When I was in art college, back in my late teens, I had a tutor whose catchphrase was ‘happy accidents’. By this, he meant all those times you lost a favoured creation and had to start again from scratch, only to create something more authentic and original next time around, or spilling drawing ink all over the intricate illustration you’d spent a month on, only to find a way to incorporate the accident into the artpiece itself. When I was studying creative writing at university in my mid-twenties, I had another tutor, and his catchphrase was ’embrace the disaster’. When he spoke about embracing the disaster, he meant that I should look to all the obstacles and stressors keeping me back from creating, and harness them as the material for the creation itself. “You lost your blog and all your writing? You’re in despair? Write about it.” And he was right. When you embrace the disaster, whatever it may be, you make it part of yourself and become its master. That tutor’s advice has been my mantra ever since, both on- and off-page.

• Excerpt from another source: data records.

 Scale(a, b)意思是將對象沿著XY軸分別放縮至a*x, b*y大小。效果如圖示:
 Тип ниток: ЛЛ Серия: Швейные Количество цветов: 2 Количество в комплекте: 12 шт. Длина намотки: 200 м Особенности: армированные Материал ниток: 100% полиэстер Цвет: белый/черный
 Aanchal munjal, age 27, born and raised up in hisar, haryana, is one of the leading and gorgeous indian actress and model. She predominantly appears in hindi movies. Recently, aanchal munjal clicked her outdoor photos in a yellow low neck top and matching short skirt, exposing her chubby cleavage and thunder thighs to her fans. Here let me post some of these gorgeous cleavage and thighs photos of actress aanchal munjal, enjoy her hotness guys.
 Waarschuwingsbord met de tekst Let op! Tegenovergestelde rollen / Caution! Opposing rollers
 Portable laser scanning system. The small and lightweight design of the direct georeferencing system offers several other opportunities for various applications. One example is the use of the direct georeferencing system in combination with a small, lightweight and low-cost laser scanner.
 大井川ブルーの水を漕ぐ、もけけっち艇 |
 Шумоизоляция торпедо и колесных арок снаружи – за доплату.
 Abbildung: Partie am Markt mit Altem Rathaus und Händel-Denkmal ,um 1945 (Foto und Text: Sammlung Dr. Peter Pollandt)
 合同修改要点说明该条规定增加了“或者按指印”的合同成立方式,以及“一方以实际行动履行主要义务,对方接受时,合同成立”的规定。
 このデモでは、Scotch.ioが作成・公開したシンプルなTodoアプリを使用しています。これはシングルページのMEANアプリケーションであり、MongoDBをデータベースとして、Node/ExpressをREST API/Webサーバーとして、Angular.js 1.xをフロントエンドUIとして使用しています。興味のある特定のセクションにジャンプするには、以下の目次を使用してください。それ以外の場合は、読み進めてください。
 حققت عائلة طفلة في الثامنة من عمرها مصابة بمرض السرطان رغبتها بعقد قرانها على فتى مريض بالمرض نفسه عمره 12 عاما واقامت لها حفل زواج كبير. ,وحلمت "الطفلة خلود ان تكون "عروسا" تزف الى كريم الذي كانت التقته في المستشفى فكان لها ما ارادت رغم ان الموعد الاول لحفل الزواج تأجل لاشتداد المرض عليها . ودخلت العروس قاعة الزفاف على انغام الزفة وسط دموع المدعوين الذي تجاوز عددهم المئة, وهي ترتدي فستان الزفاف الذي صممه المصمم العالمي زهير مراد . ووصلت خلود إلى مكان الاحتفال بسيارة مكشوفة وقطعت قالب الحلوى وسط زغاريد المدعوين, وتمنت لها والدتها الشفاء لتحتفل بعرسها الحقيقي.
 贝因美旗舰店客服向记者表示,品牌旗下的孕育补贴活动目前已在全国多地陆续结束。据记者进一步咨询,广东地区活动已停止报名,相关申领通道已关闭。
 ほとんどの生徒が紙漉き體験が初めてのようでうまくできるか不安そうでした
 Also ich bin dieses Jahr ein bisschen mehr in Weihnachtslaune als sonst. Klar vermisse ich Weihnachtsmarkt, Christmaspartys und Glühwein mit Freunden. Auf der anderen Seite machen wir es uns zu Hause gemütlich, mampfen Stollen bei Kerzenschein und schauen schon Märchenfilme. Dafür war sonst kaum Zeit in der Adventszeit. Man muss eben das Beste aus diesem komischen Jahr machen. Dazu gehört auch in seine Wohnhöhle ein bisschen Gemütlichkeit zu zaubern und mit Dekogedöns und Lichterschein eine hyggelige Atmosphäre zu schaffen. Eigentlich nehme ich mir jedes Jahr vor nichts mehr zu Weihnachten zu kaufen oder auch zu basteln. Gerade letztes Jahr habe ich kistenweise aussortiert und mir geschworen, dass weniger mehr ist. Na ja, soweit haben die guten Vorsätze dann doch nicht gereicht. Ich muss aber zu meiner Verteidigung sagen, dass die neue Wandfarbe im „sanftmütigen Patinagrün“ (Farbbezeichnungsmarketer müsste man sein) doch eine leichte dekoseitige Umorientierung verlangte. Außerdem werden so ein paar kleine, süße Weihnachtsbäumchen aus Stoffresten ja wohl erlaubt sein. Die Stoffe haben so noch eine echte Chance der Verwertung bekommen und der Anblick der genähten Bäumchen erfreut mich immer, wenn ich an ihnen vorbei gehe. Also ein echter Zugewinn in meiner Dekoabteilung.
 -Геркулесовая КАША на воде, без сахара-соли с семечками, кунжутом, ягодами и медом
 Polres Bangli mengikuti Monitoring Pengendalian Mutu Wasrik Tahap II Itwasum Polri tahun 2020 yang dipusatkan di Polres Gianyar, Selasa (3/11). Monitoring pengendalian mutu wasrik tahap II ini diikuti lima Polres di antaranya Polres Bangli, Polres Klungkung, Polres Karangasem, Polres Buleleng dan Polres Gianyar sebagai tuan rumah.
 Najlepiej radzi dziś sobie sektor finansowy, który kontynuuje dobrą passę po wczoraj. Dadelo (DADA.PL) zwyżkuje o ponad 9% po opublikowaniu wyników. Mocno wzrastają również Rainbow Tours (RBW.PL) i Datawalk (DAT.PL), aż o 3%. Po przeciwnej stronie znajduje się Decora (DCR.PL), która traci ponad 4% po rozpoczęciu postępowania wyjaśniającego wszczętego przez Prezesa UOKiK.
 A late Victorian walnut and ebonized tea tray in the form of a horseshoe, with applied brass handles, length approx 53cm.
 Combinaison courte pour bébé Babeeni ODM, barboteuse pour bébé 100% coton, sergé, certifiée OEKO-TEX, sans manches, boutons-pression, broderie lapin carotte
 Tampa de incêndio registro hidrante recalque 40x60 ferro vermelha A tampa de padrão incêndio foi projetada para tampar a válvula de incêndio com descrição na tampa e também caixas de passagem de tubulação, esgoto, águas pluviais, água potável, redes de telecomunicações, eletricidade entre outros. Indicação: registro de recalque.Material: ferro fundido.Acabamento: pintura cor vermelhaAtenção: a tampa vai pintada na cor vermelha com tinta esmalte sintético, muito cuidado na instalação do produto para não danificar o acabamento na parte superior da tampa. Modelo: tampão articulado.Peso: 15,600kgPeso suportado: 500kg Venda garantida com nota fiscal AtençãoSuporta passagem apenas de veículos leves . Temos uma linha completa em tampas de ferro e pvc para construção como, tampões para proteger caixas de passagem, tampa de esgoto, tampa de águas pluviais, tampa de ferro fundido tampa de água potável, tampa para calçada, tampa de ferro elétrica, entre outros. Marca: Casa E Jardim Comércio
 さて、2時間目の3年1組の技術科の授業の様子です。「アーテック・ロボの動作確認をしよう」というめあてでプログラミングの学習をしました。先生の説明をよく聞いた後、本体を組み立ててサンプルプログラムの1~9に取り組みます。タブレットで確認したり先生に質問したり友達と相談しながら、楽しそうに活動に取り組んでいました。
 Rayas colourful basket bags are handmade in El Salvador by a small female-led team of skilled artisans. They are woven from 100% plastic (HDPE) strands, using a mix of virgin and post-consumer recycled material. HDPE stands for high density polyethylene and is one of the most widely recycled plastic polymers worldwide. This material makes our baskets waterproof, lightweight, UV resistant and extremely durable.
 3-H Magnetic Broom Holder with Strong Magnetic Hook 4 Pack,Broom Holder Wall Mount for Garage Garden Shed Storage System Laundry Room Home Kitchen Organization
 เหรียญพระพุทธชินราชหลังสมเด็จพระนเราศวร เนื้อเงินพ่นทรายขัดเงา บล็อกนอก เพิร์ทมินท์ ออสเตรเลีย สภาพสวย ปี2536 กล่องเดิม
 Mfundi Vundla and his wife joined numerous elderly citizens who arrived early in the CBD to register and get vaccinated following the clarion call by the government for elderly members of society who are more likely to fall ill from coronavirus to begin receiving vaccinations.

I’ve always suffered from erratic moods: a neurotic, depressive, highly strung demeanour. During the time I was studying for my Masters, it came in like a wrecking ball, and threatened to stop me writing, full stop. I went to my tutor and explained how I could barely drag myself from off the floor, and that all I could manage to write was self-indulgent, miserable shit. I’d have a good day and charge into a new interest or research angle for a creative piece, only to wake up the next day completely disinterested in the work I’d done. I filled up notebooks and notebooks with self-hate and paranoid delusions and bitter diatribes. My lack of focus, and impending deadlines, were making me a nervous wreck, prone to crippling anxiety attacks on a weekly basis. But in the sweet, musty cocoon of my tutor’s book-filled study, he reiterated the mantra. Embrace the disaster, he told me, patiently, knowing well he’d told me at least a dozen times before. And so, I did. I found all the little fragments of shattered promise scattered throughout the pages of my manic notebooks, and I pieced them together and found the story. It was not my story anymore. By taking all those shards of pain and rearranging them, sewing them carefully together in the right order, someone else was born. A happy accident, hiding in the pages of my most downhearted days.

I began this year high on the idea that I’d document One Hundred Happy Days, an online trend for blogging about the places we find happiness from day to day. Sometimes, those things are hard to come by, but I persisted, and found joy waiting in the disasters around every turn. Life, for me at least, is always a disaster because I’m erratic, and I charge and spin my way through days like a hurricane, a writer trying to narrow herself down to being just one person. Sometimes it gets me down that I cannot seem to be more stable, more unified or tamed, but so long as I can embrace the disaster that I am, and understand that my life is made up of a million happy accidents strung together to make my story, I can rise above the gloom, and carry on creating…

Writing in response to 1000 WORDS on the subject of creativity.